The debate over the cholesterol hypothesis and statins has raged for decades. Some may point to the recent decline in cardiovascular deaths in the United States as proof of statin effectiveness, but this view fails to incorporate the impact of smoking cessation, lifestyle changes, and dramatic improvements in heart attack survival rates due to timely reperfusion and the availability of external and implantable defibrillators. Others may argue that statins are started too late in life to be effective (the horse may already be out of the barn) and reference Mendelian randomization studies which show that rare individuals with genetically low cholesterol levels have a much lower incidence of CHD.

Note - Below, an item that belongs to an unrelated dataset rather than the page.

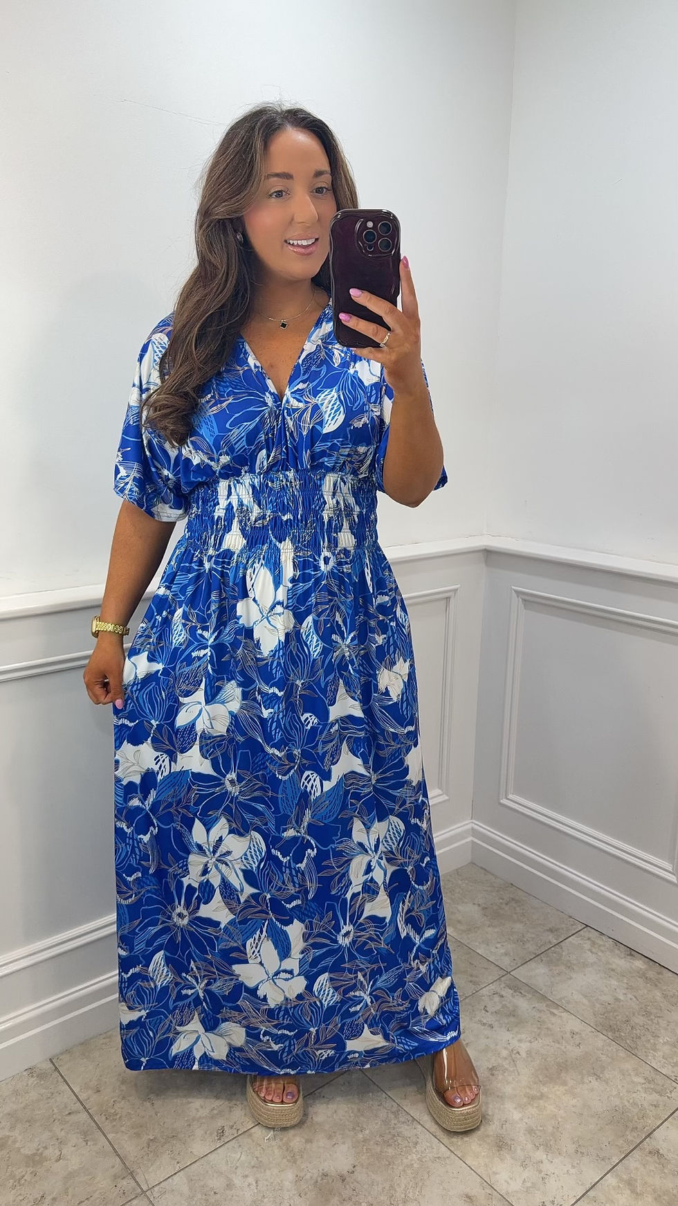 Montana Flower V Neck Slinky Foil Magic Maxi Royal Blue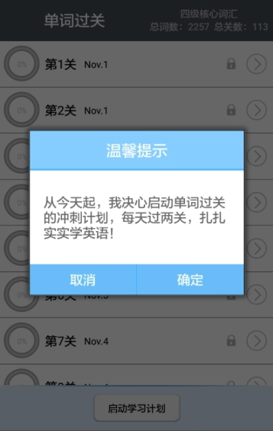 还在为死记硬背英语单词而愁眉不展?还在为担心四级考试不通过而没日没夜地努力,却感觉毫无进展?那就快来试试《金星四级词汇》这款专业的四级英语词汇学习软件吧!它采用闯关式的单词记忆方法,不仅能让你对单词的印象更深刻,而且形式灵活不死板,让学习过程充满趣味性!感兴趣的小伙伴们,赶紧行动起来吧!

However, this concept should not be extrapolated to the 99.99% of us who lack these genes and also fails to explain how the Mediterranean diet reduces mortality within months of initiation. In 1996 Nobel laureates Brown and Goldstein anticipated the eradication of coronary disease in their Science editorial, “Exploitation of recent breakthroughs – proof of the cholesterol hypothesis, discovery of effective drugs, and better definition of genetic susceptibility factors – may well end coronary disease as a major public health problem early in the next century”.
History has proven otherwise, and the global prevalence of CHD, despite worldwide statin usage and cholesterol lowering campaigns, has reached pandemic proportions. Coronary heart disease is an extremely complex malady and the expectation that it could be prevented or eliminated by simply reducing cholesterol appears unfounded. After twenty years we should concede the anomalies of the cholesterol hypothesis and refocus our efforts on the proven benefits of a healthy lifestyle incorporating a Mediterranean diet to prevent CHD.